Kate, Lena and Lena's friend, Sidney and I first stopped at Watson's Mill, a 19th century flour mill along the Rideau Canal. The building houses plenty of artifacts and equipment demonstrating how wheat was received and transformed into flour. The mill also holds demonstrations of the machinery in action and grinds and sells small batches of the flour it produces.
If that isn't enough, a ghost is said to roam the property. Apparently, one of the mill's owners, Joseph Currier married a young American woman, Ann Corsby, shortly after the mill began operation. At an event marking its first year in business, Currier was showing young Ann around the joint when her dress got caught in some of the machinery and pulled her violently into a beam, killing her instantly. Alas, her spectre was not in evidence the day we were there.
After the mill, we headed across the street to the Dickinson House, where the family of the other co-owner, Moss Dickinson, lived until the 1930s. Again, the house is furnished in a mix of the Victorian and Edwardian styles and the resident interpreters gave an excellent overview of both the Dickinson family history and of life in the 19th and early 20th century. I love this kind of small "h" history -the history of everyday life and every man and woman - very much. Sadly, one of the interpreters mentioned to us that the City of Ottawa is considering selling the property and shutting the museum. Losing this little piece of local history would be a shame.
We had worked up quite an appetite after our fix of industrial and social history, so we headed to the corner of Mitch Owens Drive and Main Street where a two-trailer food truck sits on a vacant lot. Pizza All'Antica is the kind of mom-and-pop operation I love. Actually, the operation seems to be run by a man and his mother-in-law. The front man, Joe, is clearly proud of what he is doing with his business. He is a big friendly guy who is quite happy to talk about the pizzas he makes with fresh ingredients, many imported from Naples where, many allege, pizza was born, and then baked in a mobile wood-burning oven. Just sitting at the picnic table in the lot smelling the smoke was worth the trip, but the pizza is quite possibly the best I've ever had. Very fresh toppings, including a wonderful fresh-tasting homemade sauce, sit on top of a perfectly cooked and very thin crust. As Kate said, the pizza quells your hunger without it feeling heavy on your stomach. I really can't say enough about this place. If you're ever in Manotick, you have to stop and try it. Even if you're not in Manotick, this place is worth making a special trip to try.

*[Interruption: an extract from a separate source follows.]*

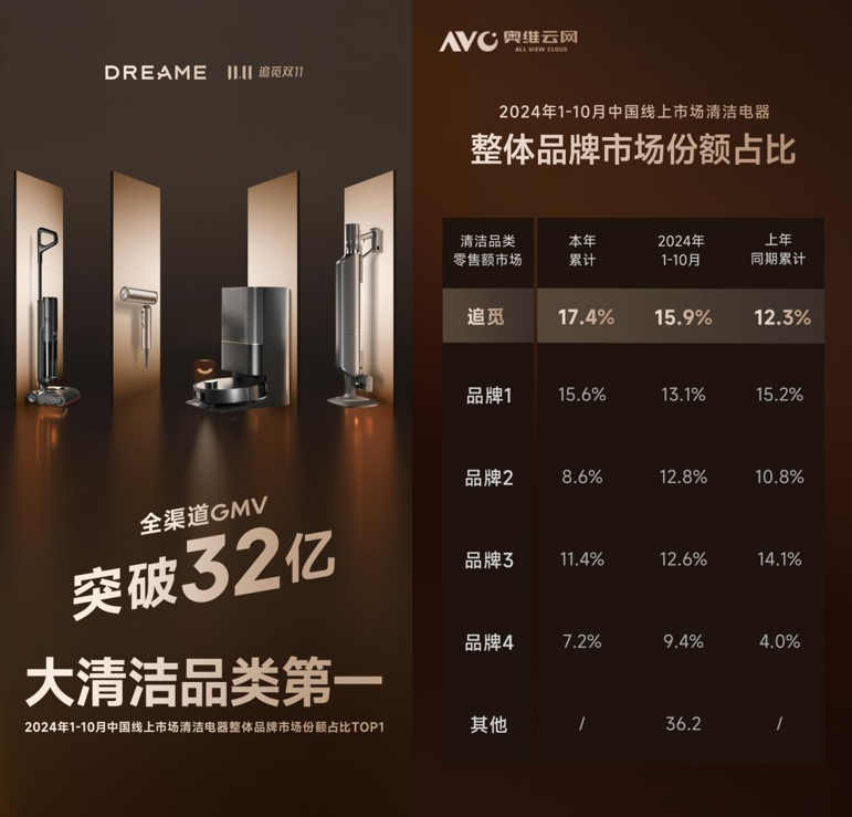 11月12日,追觅科技发布“双11”战报,战报显示,2024年10月1日-11月11日,追觅科技全渠道GMV突破32亿,另根据奥维云网(AVC最新数据显示,2024年1-10月,在中国清洁电器线上市场中,追觅科技零售额占比达15.9%,稳居行业第一,再次刷新纪录。

Right across the street from the pizza place is a store called Chilly Chiles. This business sells hundreds, if not thousands, of different kids of hot sauce. The store used to be located in the Byward Market and I used to shop there regularly, then it moved to Navan, which is too far afield for us, before more recently moving to Manotick. After lunch, Lena and I went across to check it out. Shelf after shelf hot sauce. Even if you don't like hot sauce, the store if worth checking out for the art on the labels, many of which are, well, saucy. Derrieres, often with flames shooting out of them, feature prominently. After sampling several (sauces, not flame-throwing butts), I left with nearly $30 worth of sauce. Another great store - a locally owned business selling products that the proprietors are passionate about but that probably aren't making them rich.
For such a small town, Manotick has quite a lot to offer and I can recommend it as a day-trip destination to anyone living in the Ottawa area.